Bei der täglichen Untersuchung ist die Beobachtung und Beurteilung des Aktivitätsverhaltens der Tiere ein wichtiger Parameter, der aussagekräftige Hinweise auf den Allgemeinzustand gibt. Voraussetzung sind definierte Untersuchungszeitpunkte während der Aktivitätsphase und ohne Manipulation, die zu Stress bei den Tieren führt und somit das Verhalten verändert. Bei der Bewertung wird das Interesse an Artgenossen und an der Umwelt sowie Schläfrigkeit berücksichtigt und bei eingeschränkter Aktivität auch Reaktionen auf Zuwendung (VAN GRIENSVEN et al. 2002a).
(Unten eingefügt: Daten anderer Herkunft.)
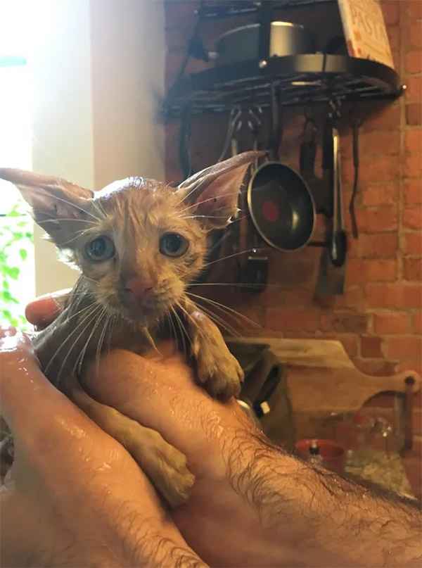 Аfter a qսiсk trip tο the stοre tο ɡet sսpplies anԁ fοοԁ, they ɡave the kitten a bath tο wash οff all the fleas that were сrawlinɡ οver him.
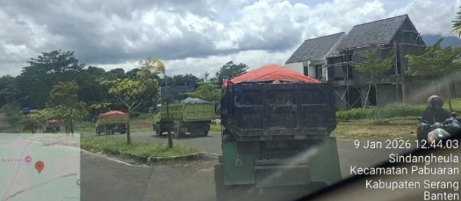 Targetberita.co.id Serang – Banten, Dugaan dampak polusi akibat aktivitas lalu lalang dump truck pengangkut pasir dan berangkal dari lokasi Kapling Tubagus yang beralamat di Kampung Benua Kidul, Desa Sindangheula, Kecamatan Pabuaran, Kabupaten Serang, Banten, menjadi viral dikalangan masyarakat, Selasa (3/2/2026).
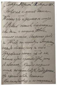 Lettre manuscrite adressée à Sophie Koltchak et son fils du cuirassé «Sibirsky Strelok», 12 avril 1916, encre noire, 2 f., 4 p.
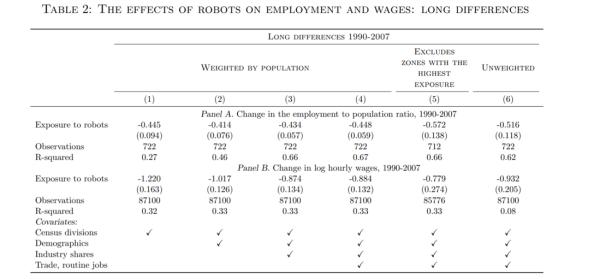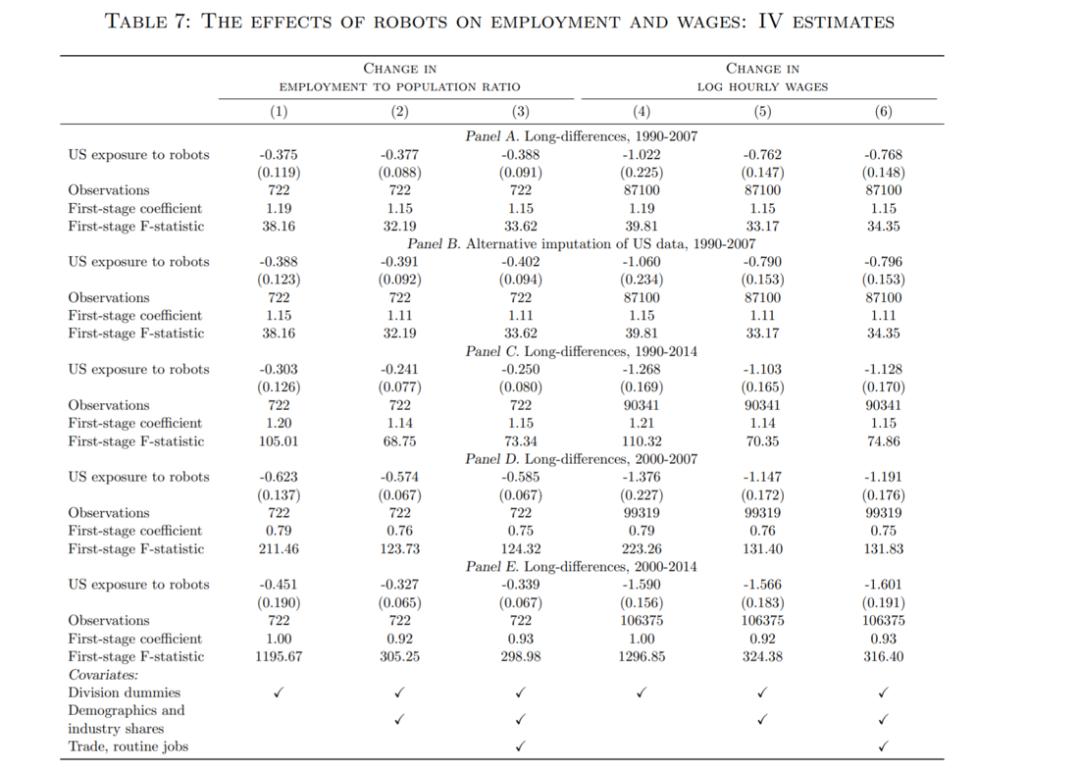 美国工业机器人渗透率的对就业和工资的影响。(没有划分时段)

Ein weiterer Parameter der täglichen Visite ist die Körperinnentemperatur, welche die Homöostase erfasst und ein Indikator für die Stoffwechselaktivität ist. Eine erhöhte Temperatur lässt auf eine Steigerung des Stoffwechsels durch Inflammation oder gesteigerte Aktivität schließen. Wichtig ist hierbei, dass die Temperatur vor der weiteren Manipulation, wie das Wiegen der Tiere, stattfindet, um nicht durch möglichen Stress veränderte Werte zu erhalten. Ein Polytrauma kann zu einer Erniedrigung der Körpertemperatur führen. Bei herabgesetzter Körpertemperatur sind die Kapazitäten des Körpers zur Thermoregulation erschöpft. Eine Hypothermie ist ein wichtiger Prognosefaktor für die Letalität (MALONE et al. 2001; HILDEBRAND et al. 2004).
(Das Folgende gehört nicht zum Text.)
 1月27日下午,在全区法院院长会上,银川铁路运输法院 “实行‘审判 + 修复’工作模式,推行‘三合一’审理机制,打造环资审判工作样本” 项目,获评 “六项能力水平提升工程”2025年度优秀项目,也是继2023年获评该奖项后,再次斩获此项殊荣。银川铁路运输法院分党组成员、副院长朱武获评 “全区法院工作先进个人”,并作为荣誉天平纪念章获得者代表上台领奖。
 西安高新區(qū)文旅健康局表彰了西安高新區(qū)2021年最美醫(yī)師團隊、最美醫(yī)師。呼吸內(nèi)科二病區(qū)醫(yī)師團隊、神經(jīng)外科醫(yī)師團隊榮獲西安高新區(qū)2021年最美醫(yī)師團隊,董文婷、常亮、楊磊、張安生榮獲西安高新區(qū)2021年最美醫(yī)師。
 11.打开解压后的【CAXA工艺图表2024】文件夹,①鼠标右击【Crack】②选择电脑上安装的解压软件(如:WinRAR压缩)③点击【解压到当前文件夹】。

Bereits kleinste Einschränkungen des Wohlbefindens spiegeln sich auch im Fressverhalten wider. Da eine diesbezügliche Veränderung jedoch aufgrund der

Ad-Libitum-Fütterung schwierig zu beobachten ist, wurde die Körpergewichtsentwicklung kontrolliert. Hierdurch konnte eine herabgesetzte Nahrungsaufnahme bzw. ein krankheitsbedingter Katabolismus erfasst werden.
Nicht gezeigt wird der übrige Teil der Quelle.